A separate line of investigation focuses on exciton-polariton condensates. Microcavity exciton-polaritons are quasi-particles that result from the hybridisation of excitons and photons confined inside semiconductor microcavities. At low enough densities, they behave as bosons according to Bose-Einstein statistics, and so one may investigate Bose-Einstein condensation of these quasi-particles. Because of the imperfect confinement of the photon component, exciton-polaritons have a finite lifetime, and have to be continuously re-populated. Therefore, exciton-polariton condensates lie somewhere between equilibrium Bose-Einstein condensates and lasers. Similar to other laser systems nonequlibrium nature of the polariton condensates gives rise to different kinds of interesting pattern formation. Specific to polariton condensates, the mechanism responsible for pattern formation is an intricate interplay between nonlinear interactions, forcing, dissipation, dispersion and intrincic disorder in the material. The key to understanding the universal behaviour of pattern-forming systems lies in a common description obtained when particular microscopic models reduced to an order parameter equation. This project concerns with development of such models in close interaction with experimental groups such as Nanophotonics group of Professor Jeremy Baumberg (Cavendish). (Image at right adapted from G. Tosi et al Nature Physics, 8, 190-194 2012 )

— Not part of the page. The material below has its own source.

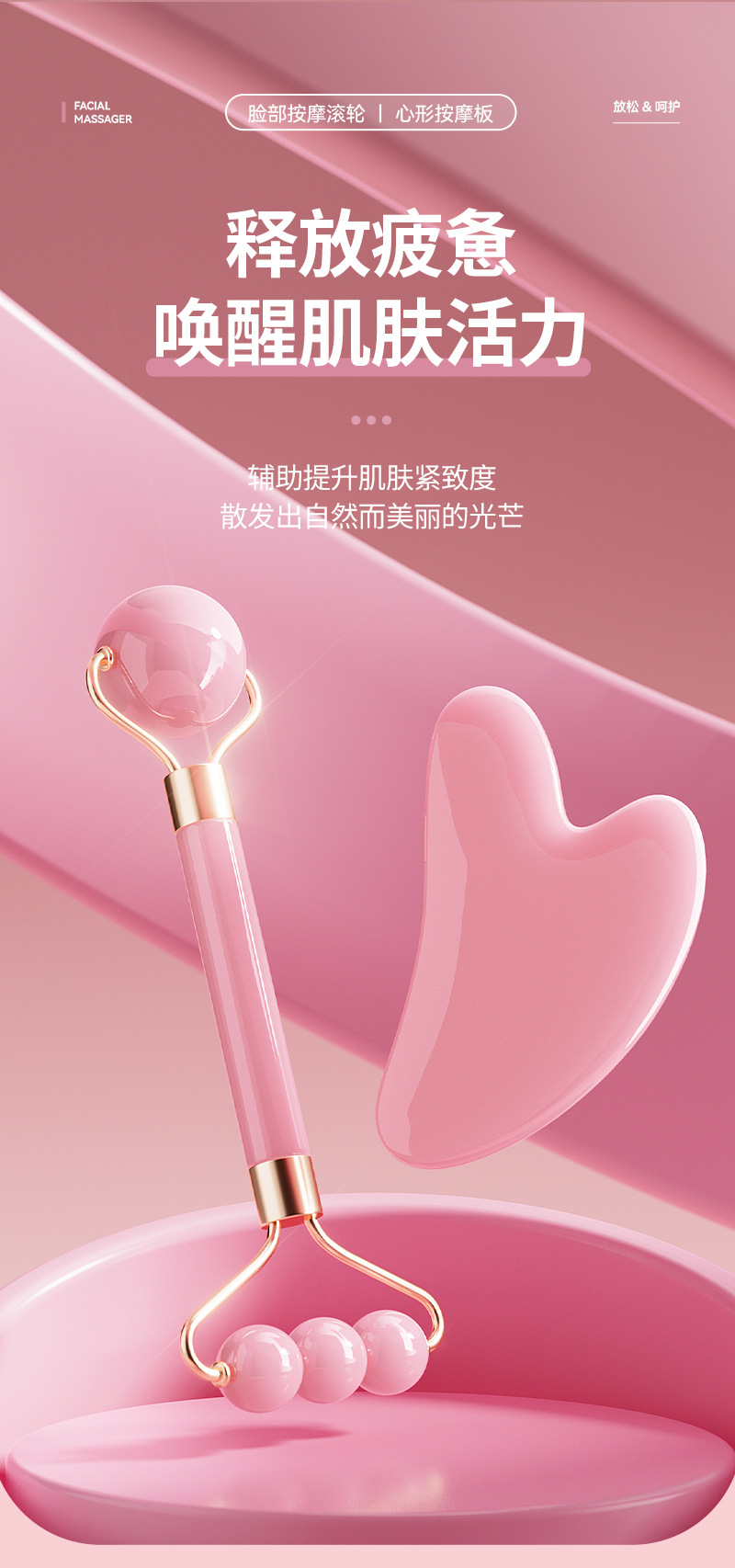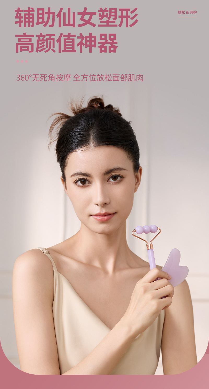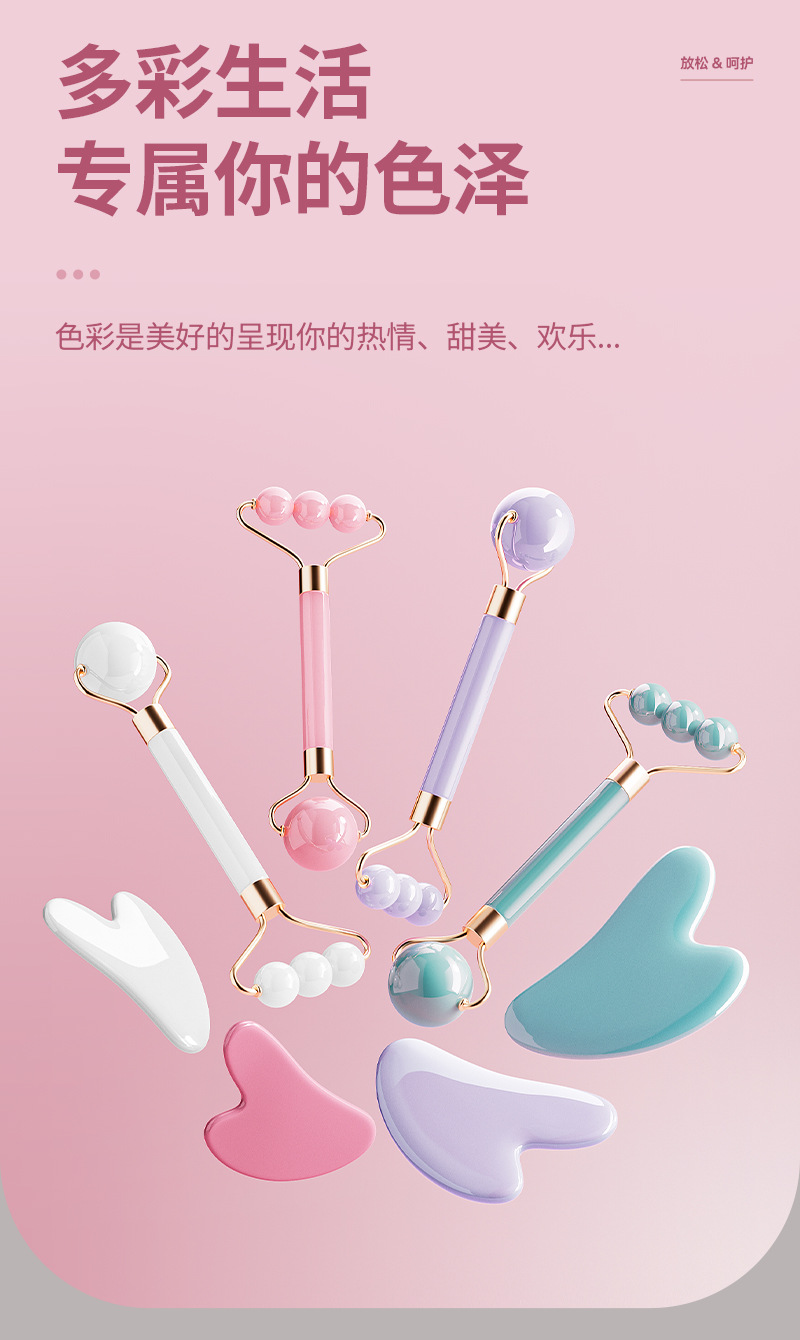 Nuevo rodillo de doble cabeza masaje facial no jade ojo facial levantamiento de masaje apretado conjunto de herramientas de belleza

Exciton-polaritons are not the only quasi-particles in solids in which condensation has been sought or realised and I am interested in other solid-state systems that exhibit similar coherent motion, such as magnon condensates. Magnons, which are elementary excitations -- quantised spin waves -- of a magnetic system have been observed to condense in ferromagnets and in superfluid 3He-B and in compressed aerogel of superfluid 3He-A. Similar to the phases of non-condensed Bose gas, atomic spins of normal magnetic materials are in a disordered paramagnetic state. In the ordered state the spins develop the common global frequency and phase of precession. The magnon condensation of room temperature yttrium-iron garnet (YIG) films magnetised by in-plane fields is driven by microwave radiation. A microwave photon excites two primary magnons that relax forming a magnon gas with the Bose distribution. The chemical potential increases with pumping power. When the microwave power exceeds a threshold value, the magnon population condenses at finite minima of the dispersion spectrum formed by the combined effects of the exchange and magnetic dipolar interactions. I am interested in modelling these condensates and understanding the structure of the ground state and excitations such as sound waves. On this project we work in close collaboration with professor Demokritov group in Munster, Germany.